Excluding pregnant or fertile women from the workplace does not really solve the problem of worker exposure to hazardous substances, agrees lawyer Joan E. Bertin, associate director of the Women's Rights Project of the American Civil Liberties Union. In limited legal tests since 1981, three federal courts have ruled that fetal-protection policies discriminate against women, she says. Courts have ruled such policies are permissible only if a company can prove a risk to the fetus, and if there is no similar risk to male workers, Ms. Bertin says.

A recent study by the National Institute for Occupational Safety and Health found dramatically reduced sperm counts among male workers exposed to glycol ethers, a family of solvents used in the plastics, paint, and electronics industries.

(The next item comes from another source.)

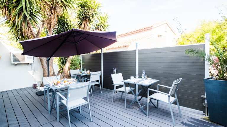 Das Hotel liegt in Six-Fours-les-Plages, nur 6 km vom Zentrum von Toulon entfernt. Es ist bequem von der Autobahn A50 aus erreichbar, die zu verschiedenen touristischen Zielen der Region Provence-Alpes-Côte d'Azur führt. Die Umgebung eignet sich perfekt für Besuche traditioneller Märkte und kultureller Veranstaltungen. Der nächste Flughafen ist Toulon (TLN), und die Rennstrecke Circuit Paul Ricard kann in etwa 30 Minuten erreicht werden.

The CWA, in its criticism of an industry whose work force is primarily nonunion, says semiconductor workers would be better off with union representation. On March 2 the union began publicizing its health concerns in radio advertisements broadcast in the nation's four major chip-manufacturing regions - California's Silicon Valley, Boston's Route 128, upstate New York, and Austin, Texas.

Steven Pedersen of the industry association points out that the computer-chip industry is one of the few that compiles its own data on illness and injury among workers. He adds that industry standards for use of chemicals are well within the exposure limits for substances regulated by the federal Occupational Health and Safety Administration.